AIM OF THE EXERCISE:
The listing below holds a line with "Дверна ручка на" and a later line with "Tip kèo Châu". Write out those two lines and every line between them, exactly, and nothing else.

=====

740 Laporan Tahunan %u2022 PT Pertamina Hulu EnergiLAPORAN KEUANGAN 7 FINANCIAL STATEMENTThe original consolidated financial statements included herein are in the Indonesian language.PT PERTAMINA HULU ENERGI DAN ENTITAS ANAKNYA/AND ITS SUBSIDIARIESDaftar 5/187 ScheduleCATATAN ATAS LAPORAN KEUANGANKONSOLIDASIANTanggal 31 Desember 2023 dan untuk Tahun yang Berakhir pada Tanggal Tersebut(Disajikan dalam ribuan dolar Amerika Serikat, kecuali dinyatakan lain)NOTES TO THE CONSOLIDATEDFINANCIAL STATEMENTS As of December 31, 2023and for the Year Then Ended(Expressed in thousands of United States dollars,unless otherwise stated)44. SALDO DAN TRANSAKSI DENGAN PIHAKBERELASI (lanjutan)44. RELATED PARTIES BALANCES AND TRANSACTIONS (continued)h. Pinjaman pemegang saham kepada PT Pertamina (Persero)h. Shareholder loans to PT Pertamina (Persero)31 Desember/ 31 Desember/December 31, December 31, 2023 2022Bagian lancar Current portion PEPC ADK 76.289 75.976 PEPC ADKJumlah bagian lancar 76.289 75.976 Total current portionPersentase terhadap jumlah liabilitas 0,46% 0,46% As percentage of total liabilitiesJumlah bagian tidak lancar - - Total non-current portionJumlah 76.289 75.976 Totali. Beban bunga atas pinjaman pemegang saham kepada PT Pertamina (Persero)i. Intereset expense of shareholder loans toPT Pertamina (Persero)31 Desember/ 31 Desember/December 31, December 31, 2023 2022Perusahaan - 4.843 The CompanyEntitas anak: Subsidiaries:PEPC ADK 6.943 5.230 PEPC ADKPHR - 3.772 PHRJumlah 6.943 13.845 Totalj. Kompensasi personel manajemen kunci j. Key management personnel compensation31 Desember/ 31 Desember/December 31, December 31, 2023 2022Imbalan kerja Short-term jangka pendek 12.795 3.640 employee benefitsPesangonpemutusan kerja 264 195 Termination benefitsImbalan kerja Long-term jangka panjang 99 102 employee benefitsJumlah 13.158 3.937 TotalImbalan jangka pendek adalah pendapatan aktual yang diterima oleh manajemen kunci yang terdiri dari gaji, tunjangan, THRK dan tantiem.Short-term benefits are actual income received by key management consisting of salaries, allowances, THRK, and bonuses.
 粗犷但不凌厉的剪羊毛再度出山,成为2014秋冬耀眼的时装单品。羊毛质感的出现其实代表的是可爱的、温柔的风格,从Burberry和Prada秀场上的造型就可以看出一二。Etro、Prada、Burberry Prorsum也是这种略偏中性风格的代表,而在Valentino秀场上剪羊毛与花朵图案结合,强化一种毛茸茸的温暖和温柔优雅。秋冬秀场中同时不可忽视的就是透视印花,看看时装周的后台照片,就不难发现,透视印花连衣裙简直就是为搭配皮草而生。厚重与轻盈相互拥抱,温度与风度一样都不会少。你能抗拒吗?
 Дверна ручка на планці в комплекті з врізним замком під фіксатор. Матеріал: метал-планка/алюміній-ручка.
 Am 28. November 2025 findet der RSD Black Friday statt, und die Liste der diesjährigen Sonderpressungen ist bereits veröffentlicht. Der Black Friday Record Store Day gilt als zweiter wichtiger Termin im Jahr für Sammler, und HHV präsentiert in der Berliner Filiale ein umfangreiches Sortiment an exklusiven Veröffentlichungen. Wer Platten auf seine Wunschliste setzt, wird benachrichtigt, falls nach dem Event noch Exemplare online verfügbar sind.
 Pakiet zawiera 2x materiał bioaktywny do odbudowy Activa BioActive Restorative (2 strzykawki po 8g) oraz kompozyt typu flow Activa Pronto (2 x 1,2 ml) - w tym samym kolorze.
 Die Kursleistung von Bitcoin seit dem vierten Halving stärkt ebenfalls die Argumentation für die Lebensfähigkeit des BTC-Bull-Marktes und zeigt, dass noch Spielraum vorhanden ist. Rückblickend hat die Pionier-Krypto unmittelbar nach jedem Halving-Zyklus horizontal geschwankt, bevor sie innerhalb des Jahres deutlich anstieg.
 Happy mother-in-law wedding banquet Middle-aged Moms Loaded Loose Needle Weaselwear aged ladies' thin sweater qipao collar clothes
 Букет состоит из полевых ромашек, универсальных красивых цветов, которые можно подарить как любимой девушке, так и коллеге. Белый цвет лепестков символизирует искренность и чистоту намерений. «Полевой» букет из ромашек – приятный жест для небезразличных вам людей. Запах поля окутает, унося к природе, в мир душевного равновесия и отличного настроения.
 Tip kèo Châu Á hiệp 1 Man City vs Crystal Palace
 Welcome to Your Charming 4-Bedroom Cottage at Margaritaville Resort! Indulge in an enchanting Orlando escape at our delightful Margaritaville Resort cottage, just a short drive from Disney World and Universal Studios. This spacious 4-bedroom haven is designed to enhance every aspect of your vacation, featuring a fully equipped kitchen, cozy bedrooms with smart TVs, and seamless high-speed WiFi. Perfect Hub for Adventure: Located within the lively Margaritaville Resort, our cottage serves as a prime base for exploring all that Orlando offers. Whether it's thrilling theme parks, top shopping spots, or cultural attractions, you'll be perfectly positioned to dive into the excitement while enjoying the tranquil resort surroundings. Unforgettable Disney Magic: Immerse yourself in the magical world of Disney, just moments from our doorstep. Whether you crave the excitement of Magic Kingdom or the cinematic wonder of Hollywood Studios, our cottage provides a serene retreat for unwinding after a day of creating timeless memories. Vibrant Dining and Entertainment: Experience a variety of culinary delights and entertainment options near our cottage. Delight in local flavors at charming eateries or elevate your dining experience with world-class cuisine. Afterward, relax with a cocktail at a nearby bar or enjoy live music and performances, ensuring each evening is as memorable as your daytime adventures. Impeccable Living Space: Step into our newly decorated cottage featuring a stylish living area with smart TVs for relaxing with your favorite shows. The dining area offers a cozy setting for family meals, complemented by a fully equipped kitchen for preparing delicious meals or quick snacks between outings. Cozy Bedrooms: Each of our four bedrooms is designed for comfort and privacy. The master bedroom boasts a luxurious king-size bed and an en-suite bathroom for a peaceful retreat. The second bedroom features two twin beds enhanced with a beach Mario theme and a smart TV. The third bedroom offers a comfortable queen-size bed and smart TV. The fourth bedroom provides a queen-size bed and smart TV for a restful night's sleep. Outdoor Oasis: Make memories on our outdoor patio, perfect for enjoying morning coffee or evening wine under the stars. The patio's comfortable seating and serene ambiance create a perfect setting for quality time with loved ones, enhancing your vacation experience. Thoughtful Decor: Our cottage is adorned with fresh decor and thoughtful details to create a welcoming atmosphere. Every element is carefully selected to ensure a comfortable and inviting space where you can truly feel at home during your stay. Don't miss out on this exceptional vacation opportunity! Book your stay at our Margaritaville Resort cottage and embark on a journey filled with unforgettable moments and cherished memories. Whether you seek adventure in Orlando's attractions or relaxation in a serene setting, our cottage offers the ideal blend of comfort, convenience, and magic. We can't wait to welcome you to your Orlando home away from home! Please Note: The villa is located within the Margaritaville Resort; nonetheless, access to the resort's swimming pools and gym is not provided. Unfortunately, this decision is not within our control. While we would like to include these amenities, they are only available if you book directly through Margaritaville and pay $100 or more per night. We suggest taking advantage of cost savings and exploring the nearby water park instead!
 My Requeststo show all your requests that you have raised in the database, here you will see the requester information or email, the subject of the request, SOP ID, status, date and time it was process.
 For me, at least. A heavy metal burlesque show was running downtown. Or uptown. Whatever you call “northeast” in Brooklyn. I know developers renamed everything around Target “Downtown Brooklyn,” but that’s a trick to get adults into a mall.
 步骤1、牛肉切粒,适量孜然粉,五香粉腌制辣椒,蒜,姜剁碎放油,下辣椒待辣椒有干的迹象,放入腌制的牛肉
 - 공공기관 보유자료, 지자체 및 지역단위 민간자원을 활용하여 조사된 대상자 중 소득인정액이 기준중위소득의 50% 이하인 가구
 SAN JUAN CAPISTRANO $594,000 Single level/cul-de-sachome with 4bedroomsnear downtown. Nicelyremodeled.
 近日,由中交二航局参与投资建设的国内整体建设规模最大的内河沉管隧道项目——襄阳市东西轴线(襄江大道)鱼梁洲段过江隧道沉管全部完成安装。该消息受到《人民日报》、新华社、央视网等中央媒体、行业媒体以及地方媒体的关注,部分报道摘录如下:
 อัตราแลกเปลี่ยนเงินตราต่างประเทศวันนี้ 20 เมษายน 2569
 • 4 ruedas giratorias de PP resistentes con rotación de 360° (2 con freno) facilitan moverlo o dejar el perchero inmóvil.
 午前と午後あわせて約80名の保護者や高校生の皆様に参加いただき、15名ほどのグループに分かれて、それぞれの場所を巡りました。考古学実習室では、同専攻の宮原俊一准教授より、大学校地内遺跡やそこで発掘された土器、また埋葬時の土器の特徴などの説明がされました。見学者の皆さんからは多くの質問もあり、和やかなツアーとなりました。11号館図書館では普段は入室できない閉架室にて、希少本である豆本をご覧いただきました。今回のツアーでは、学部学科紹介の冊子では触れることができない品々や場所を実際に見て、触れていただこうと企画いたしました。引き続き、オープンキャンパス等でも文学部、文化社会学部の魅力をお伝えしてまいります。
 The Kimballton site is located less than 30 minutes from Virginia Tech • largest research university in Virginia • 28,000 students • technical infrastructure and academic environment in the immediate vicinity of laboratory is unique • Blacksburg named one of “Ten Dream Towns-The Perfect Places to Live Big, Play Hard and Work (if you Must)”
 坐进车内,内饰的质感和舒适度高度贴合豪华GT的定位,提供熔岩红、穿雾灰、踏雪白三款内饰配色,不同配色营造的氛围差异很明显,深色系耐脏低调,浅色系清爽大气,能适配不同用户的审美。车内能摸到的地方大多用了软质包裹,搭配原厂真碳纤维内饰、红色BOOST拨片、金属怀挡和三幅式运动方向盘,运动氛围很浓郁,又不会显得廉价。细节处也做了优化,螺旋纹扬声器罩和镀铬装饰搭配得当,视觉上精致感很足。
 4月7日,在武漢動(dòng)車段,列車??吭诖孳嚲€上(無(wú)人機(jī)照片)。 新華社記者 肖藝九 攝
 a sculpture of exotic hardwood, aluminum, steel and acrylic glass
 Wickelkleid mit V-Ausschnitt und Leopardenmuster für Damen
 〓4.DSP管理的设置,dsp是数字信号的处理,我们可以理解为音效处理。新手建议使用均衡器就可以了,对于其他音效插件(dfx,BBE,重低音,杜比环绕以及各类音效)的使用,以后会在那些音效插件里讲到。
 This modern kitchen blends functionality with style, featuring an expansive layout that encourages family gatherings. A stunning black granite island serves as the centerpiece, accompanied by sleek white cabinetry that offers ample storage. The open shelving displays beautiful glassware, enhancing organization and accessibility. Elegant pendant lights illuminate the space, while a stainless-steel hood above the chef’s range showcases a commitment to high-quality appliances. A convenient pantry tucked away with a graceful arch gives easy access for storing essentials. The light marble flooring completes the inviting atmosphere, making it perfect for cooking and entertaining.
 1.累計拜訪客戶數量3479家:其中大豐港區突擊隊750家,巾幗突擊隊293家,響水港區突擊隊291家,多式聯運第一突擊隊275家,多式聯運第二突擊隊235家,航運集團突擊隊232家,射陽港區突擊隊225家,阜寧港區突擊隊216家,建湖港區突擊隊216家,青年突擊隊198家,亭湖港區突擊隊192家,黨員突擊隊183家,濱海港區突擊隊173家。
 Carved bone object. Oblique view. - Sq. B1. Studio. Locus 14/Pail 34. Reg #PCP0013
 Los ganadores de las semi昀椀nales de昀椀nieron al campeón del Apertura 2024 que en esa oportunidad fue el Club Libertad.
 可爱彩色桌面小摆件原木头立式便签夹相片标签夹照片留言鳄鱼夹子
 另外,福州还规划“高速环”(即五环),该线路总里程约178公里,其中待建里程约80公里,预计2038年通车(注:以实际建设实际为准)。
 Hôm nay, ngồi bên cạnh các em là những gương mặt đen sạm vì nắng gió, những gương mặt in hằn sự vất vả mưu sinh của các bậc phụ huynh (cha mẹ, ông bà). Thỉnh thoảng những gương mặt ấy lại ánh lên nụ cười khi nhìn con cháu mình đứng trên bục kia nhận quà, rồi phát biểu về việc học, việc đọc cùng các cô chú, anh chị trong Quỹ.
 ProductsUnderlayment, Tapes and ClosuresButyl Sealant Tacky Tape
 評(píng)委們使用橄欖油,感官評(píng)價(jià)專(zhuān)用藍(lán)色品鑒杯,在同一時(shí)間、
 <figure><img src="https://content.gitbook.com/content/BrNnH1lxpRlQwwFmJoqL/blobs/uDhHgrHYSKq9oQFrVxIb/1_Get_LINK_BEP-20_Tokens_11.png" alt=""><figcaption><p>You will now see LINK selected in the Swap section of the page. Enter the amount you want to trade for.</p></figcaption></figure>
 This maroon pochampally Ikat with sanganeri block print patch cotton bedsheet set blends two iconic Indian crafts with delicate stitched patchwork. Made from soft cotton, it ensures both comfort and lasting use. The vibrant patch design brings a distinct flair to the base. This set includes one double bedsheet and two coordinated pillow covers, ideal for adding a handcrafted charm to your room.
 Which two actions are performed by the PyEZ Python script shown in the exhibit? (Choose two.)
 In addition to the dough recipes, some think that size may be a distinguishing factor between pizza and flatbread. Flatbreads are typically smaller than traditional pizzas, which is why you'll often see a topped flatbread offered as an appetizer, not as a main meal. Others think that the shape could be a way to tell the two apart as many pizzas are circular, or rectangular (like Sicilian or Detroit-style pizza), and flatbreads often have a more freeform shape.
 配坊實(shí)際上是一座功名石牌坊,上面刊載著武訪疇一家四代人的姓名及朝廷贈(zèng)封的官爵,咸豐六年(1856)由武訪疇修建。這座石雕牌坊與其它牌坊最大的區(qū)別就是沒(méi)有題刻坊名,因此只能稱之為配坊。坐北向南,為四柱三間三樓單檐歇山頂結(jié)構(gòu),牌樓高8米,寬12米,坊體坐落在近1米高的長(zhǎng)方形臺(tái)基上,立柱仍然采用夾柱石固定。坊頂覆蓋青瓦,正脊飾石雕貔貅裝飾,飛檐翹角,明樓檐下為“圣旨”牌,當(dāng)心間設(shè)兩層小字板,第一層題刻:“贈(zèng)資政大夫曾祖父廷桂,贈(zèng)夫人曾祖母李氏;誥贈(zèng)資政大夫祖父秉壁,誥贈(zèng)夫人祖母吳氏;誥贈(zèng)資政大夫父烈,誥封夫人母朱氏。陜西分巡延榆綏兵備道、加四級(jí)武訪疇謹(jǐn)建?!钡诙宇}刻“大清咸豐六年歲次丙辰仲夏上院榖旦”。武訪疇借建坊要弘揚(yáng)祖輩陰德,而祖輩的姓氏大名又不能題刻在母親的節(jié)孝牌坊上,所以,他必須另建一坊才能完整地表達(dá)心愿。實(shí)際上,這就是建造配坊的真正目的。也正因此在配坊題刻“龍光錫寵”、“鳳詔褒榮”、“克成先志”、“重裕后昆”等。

=====

SOLVED PROBLEM:
 Дверна ручка на планці в комплекті з врізним замком під фіксатор. Матеріал: метал-планка/алюміній-ручка.
 Am 28. November 2025 findet der RSD Black Friday statt, und die Liste der diesjährigen Sonderpressungen ist bereits veröffentlicht. Der Black Friday Record Store Day gilt als zweiter wichtiger Termin im Jahr für Sammler, und HHV präsentiert in der Berliner Filiale ein umfangreiches Sortiment an exklusiven Veröffentlichungen. Wer Platten auf seine Wunschliste setzt, wird benachrichtigt, falls nach dem Event noch Exemplare online verfügbar sind.
 Pakiet zawiera 2x materiał bioaktywny do odbudowy Activa BioActive Restorative (2 strzykawki po 8g) oraz kompozyt typu flow Activa Pronto (2 x 1,2 ml) - w tym samym kolorze.
 Die Kursleistung von Bitcoin seit dem vierten Halving stärkt ebenfalls die Argumentation für die Lebensfähigkeit des BTC-Bull-Marktes und zeigt, dass noch Spielraum vorhanden ist. Rückblickend hat die Pionier-Krypto unmittelbar nach jedem Halving-Zyklus horizontal geschwankt, bevor sie innerhalb des Jahres deutlich anstieg.
 Happy mother-in-law wedding banquet Middle-aged Moms Loaded Loose Needle Weaselwear aged ladies' thin sweater qipao collar clothes
 Букет состоит из полевых ромашек, универсальных красивых цветов, которые можно подарить как любимой девушке, так и коллеге. Белый цвет лепестков символизирует искренность и чистоту намерений. «Полевой» букет из ромашек – приятный жест для небезразличных вам людей. Запах поля окутает, унося к природе, в мир душевного равновесия и отличного настроения.
 Tip kèo Châu Á hiệp 1 Man City vs Crystal Palace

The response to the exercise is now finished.